- [Work instruction] Please, from the entries below, transcribe exactly the lines that begin at the line with "Kissen über Kissen" and end at the line with "Semelle souple doublure", without the pictures.

[Records drawn from a dataset]
————
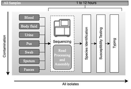 Principles of current processing of bacterial pathogens based on whole-genome sequencing. Schematic representation of the workflow for processing samples for bacterial pathogens after the adoption of whole-genome sequencing, with an expected timescale that could fit within a single day. The culture steps would be the same as currently used in a routine microbiology laboratory. Once a likely pathogen is ready for sequencing, DNA will be extracted, taking as little as 2 hours to prepare the DNA for sequencing. After sequencing, the main processes for yielding information will be computational. Automated sequence assembly algorithms are necessary for processing the raw sequence data, from which species, relationship to other isolates of the same species, antimicrobial resistance profile and virulence gene content can be assessed. All the results will also be used for outbreak detection and infectious diseases surveillance Adapted from Didelot et al., 2012
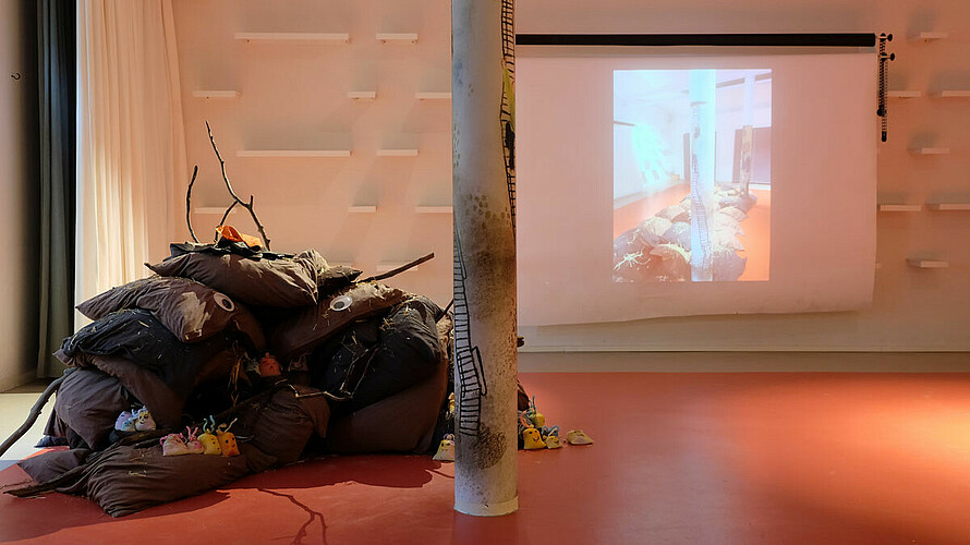 Kissen über Kissen türmen sich in die Höhe. Der Berg aus Braun-, Erd- und Schlammtönen knistert lautlos. Tatsächlich lugen hier und da trockene wie ausgedroschene Halme der Gerstenpflanze aus den weichen Fugen der Textilinstallation. Beim Näherkommen lassen Stöckchen wie diverse Wollreste und Stofffetzen Arme und Haarschopf erkennen. Es gibt keinen Zweifel: Das amorphe Gegenüber ist nichts weniger als Ihre Hoheit Matsch! Oder die Prinzessin aus »Schlammland«, die die Protagonistin Yuki durch eine Art Unterwelt begleitet und damit unterstützt, mit ihren Gefühlen umzugehen - ohne Angst und Scham.
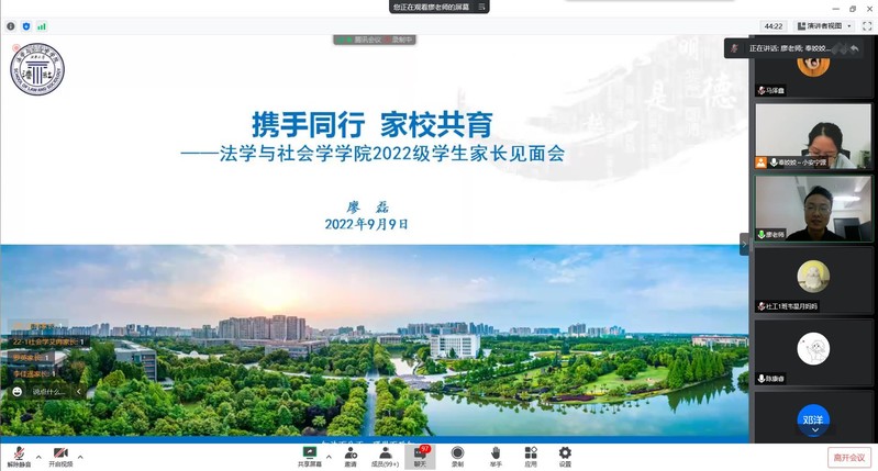 为做好疫情期间的家校互联工作,帮助2022级新生更好地融入大学生活,促进家校沟通,凝聚教育合力,9月9日晚,我院采用线上会议的方式举行2022级新生家长见面会。学院领导班子、各新生辅导员及全体新生家长参加。本次会议由学院学工办主任奉姣主持。
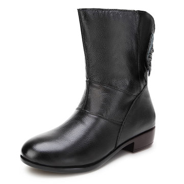 Semelle souple doublure en laine coté fermeture à glissière bout rond bottes courtes cheville
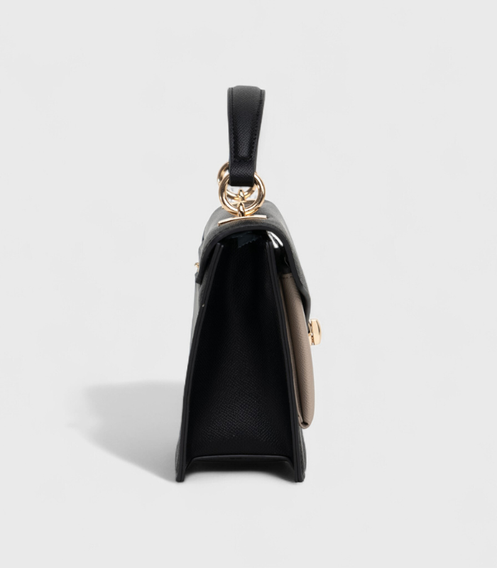 Ova strukturirana torba u crnoj boji stvara upečatljiv vizualni dojam zahvaljujući geometrijskom detalju preklopa izrađenom u neutralnoj bež nijansi. Njen oblik i oštre linije odražavaju minimalizam i profinjenost, dok finiš s teksturom jamči izdržljivost. Diskretna zlatna kopča na sredini torbe služi kao elegantan akcent.
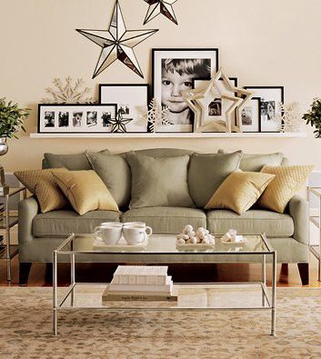 Achei bem interessante também esse modelo abaixo, colocando os quadros em uma prateleira super discreta na parede do sofá.
————
- [Written response]
 Kissen über Kissen türmen sich in die Höhe. Der Berg aus Braun-, Erd- und Schlammtönen knistert lautlos. Tatsächlich lugen hier und da trockene wie ausgedroschene Halme der Gerstenpflanze aus den weichen Fugen der Textilinstallation. Beim Näherkommen lassen Stöckchen wie diverse Wollreste und Stofffetzen Arme und Haarschopf erkennen. Es gibt keinen Zweifel: Das amorphe Gegenüber ist nichts weniger als Ihre Hoheit Matsch! Oder die Prinzessin aus »Schlammland«, die die Protagonistin Yuki durch eine Art Unterwelt begleitet und damit unterstützt, mit ihren Gefühlen umzugehen - ohne Angst und Scham.
 为做好疫情期间的家校互联工作,帮助2022级新生更好地融入大学生活,促进家校沟通,凝聚教育合力,9月9日晚,我院采用线上会议的方式举行2022级新生家长见面会。学院领导班子、各新生辅导员及全体新生家长参加。本次会议由学院学工办主任奉姣主持。
 Semelle souple doublure en laine coté fermeture à glissière bout rond bottes courtes cheville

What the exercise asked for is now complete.